The problem
Under this line are the records; repeat exactly the lines starting at the one containing "Caterpillar 432E, 434E, 442E, 444E" and ending at the one containing "2) พ.ศ. 2558", omitting pictures.

Data shown
======

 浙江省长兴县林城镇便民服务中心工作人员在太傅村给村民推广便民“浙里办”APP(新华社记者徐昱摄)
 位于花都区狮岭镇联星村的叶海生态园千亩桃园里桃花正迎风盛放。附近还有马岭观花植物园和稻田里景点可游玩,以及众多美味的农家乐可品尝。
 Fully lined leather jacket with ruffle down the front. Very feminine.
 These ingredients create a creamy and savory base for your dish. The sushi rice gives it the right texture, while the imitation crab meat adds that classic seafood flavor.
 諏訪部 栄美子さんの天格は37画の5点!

======

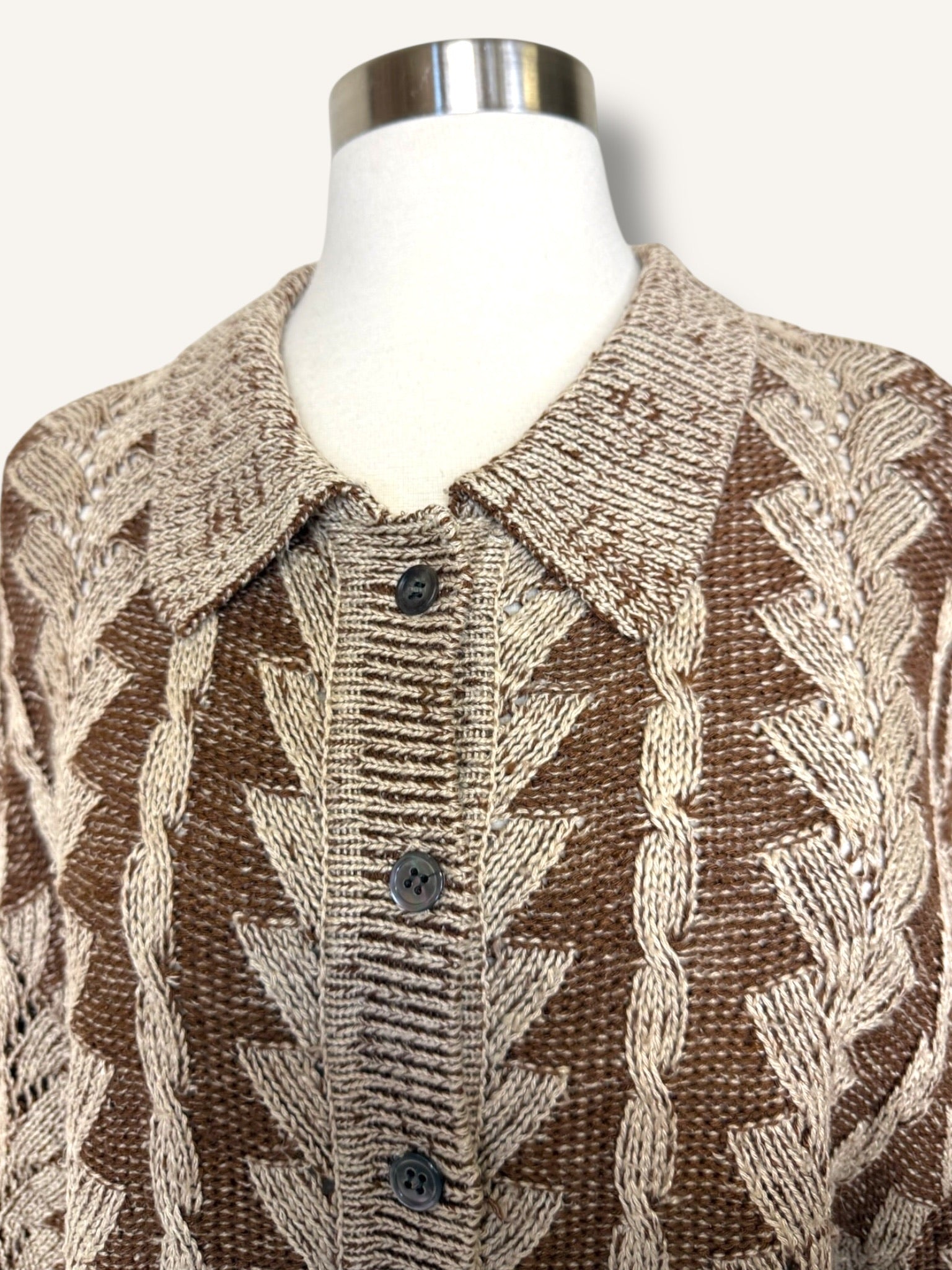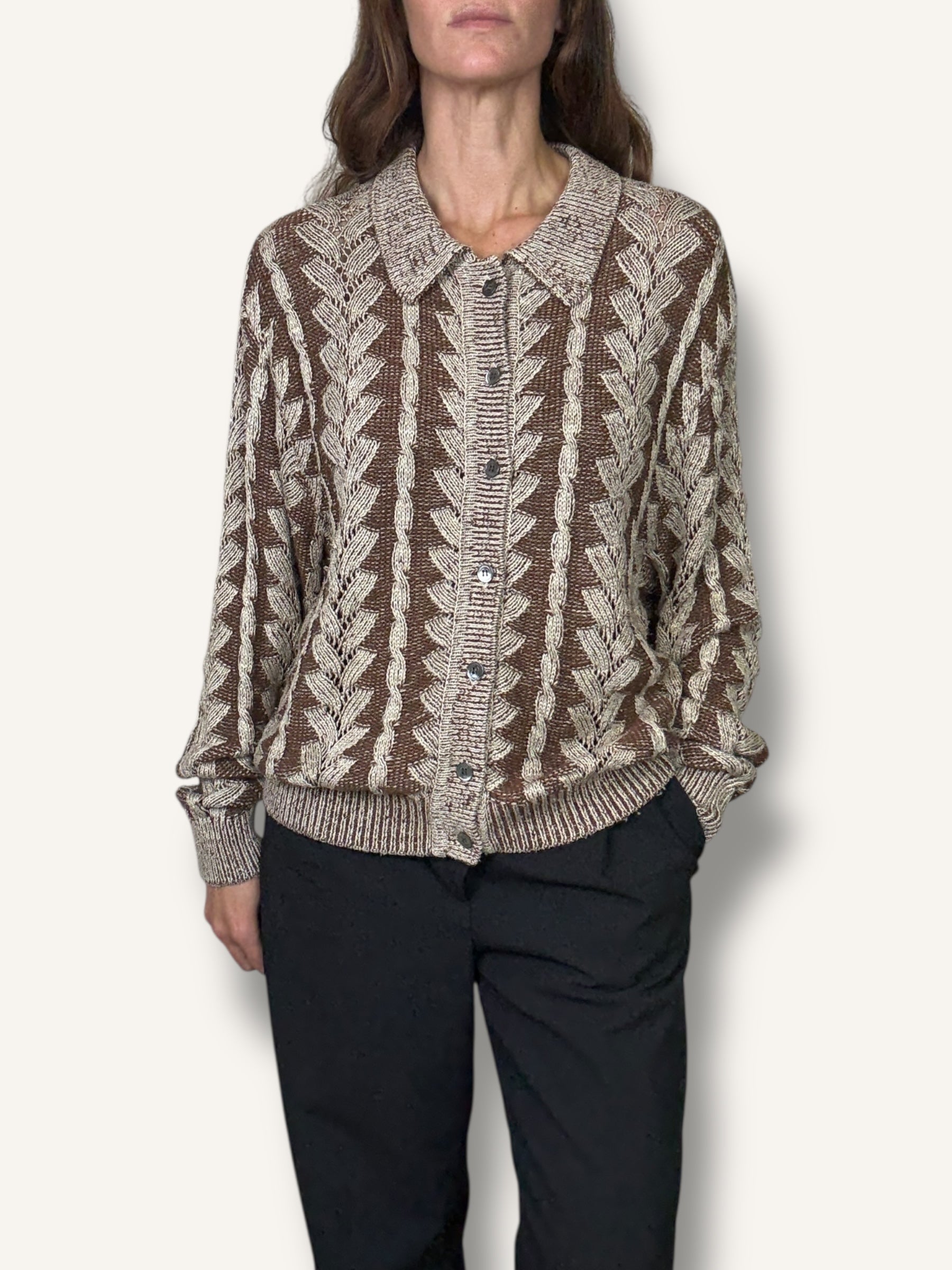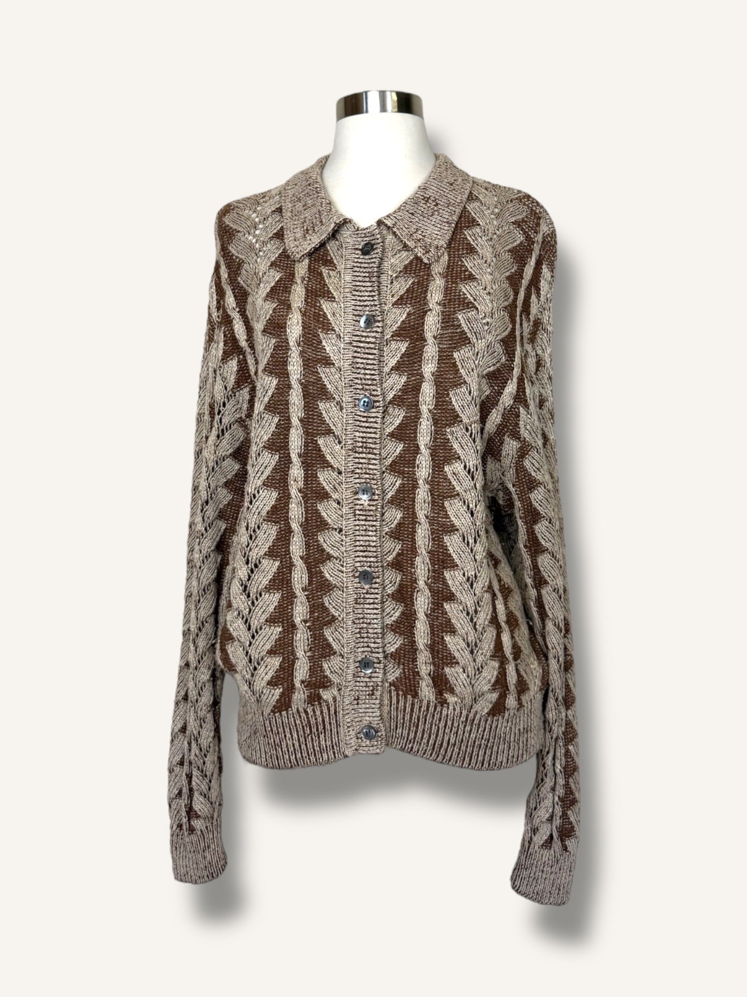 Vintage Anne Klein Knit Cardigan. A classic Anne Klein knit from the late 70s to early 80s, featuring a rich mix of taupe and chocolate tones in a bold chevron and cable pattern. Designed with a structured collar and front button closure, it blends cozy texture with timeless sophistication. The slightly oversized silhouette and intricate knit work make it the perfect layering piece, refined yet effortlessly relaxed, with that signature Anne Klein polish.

======

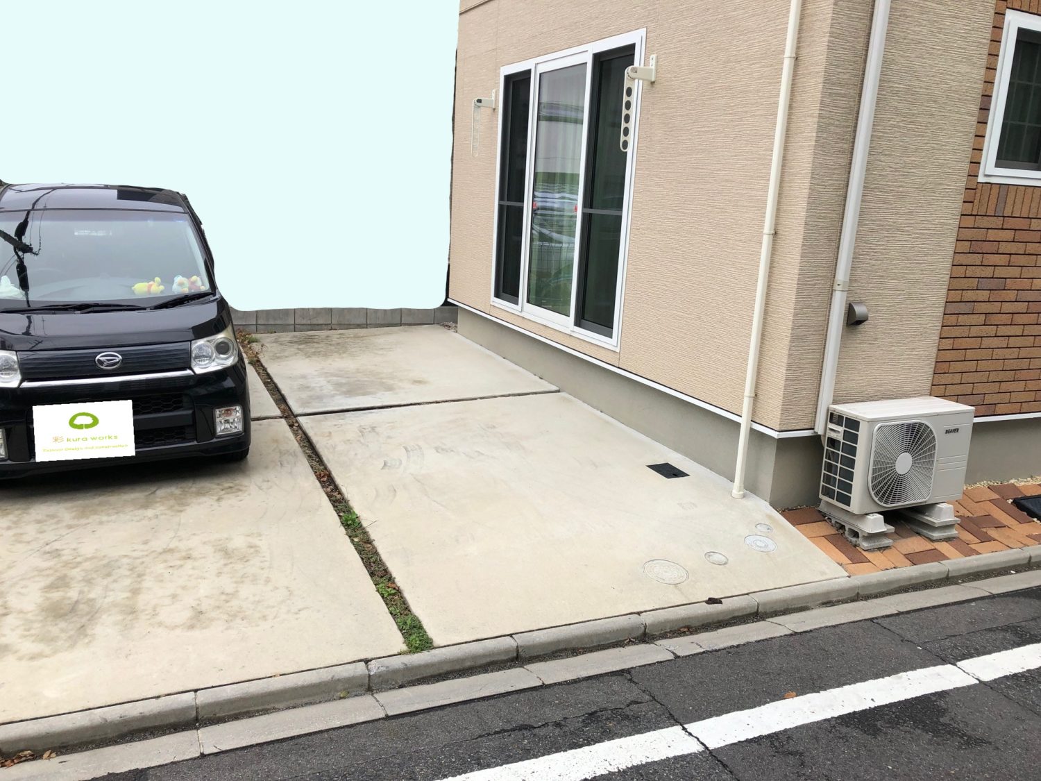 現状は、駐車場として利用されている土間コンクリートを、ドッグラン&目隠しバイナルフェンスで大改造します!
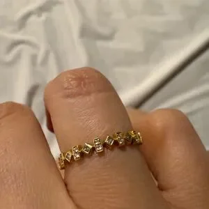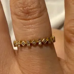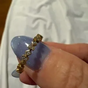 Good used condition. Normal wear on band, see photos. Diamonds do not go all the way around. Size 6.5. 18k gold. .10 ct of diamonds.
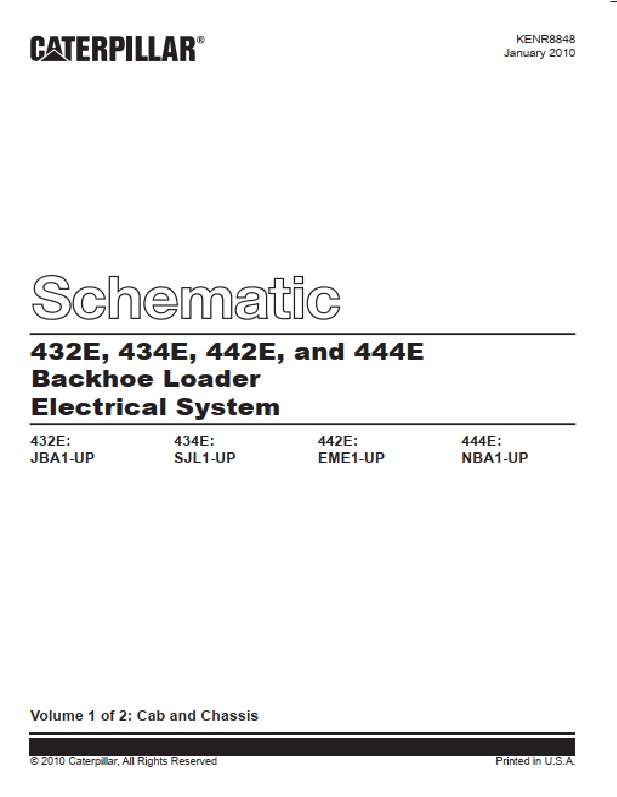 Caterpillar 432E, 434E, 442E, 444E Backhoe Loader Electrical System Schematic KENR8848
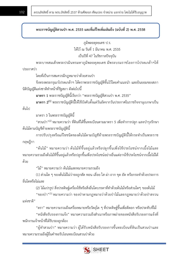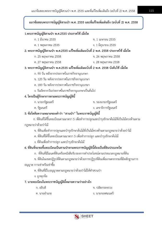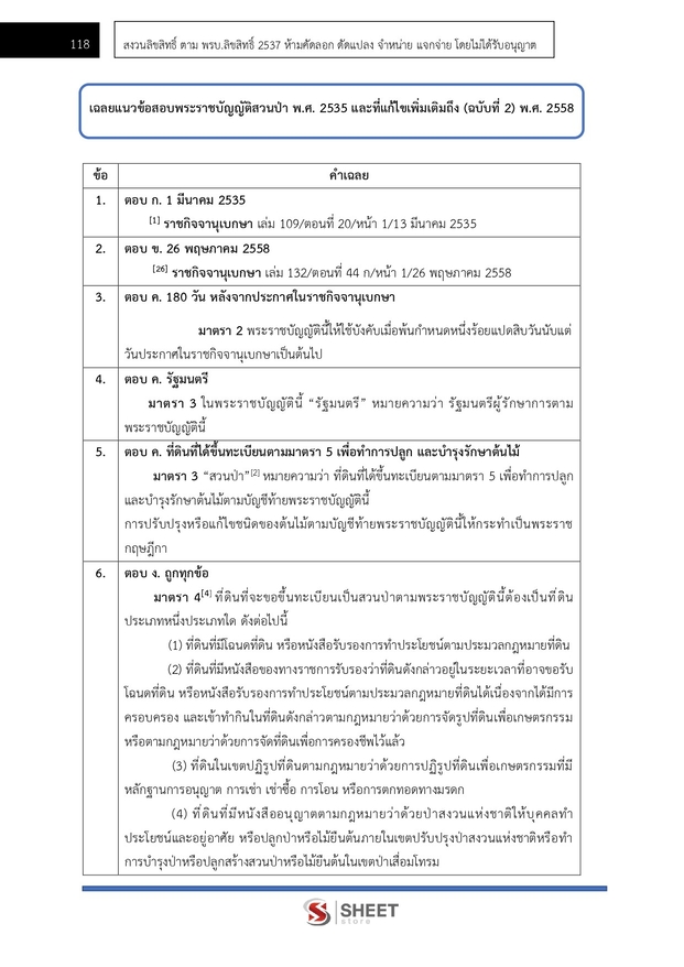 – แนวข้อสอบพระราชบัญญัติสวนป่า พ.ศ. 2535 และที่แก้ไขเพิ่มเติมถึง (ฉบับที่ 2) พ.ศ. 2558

======

Expected answer
 Caterpillar 432E, 434E, 442E, 444E Backhoe Loader Electrical System Schematic KENR8848
 – แนวข้อสอบพระราชบัญญัติสวนป่า พ.ศ. 2535 และที่แก้ไขเพิ่มเติมถึง (ฉบับที่ 2) พ.ศ. 2558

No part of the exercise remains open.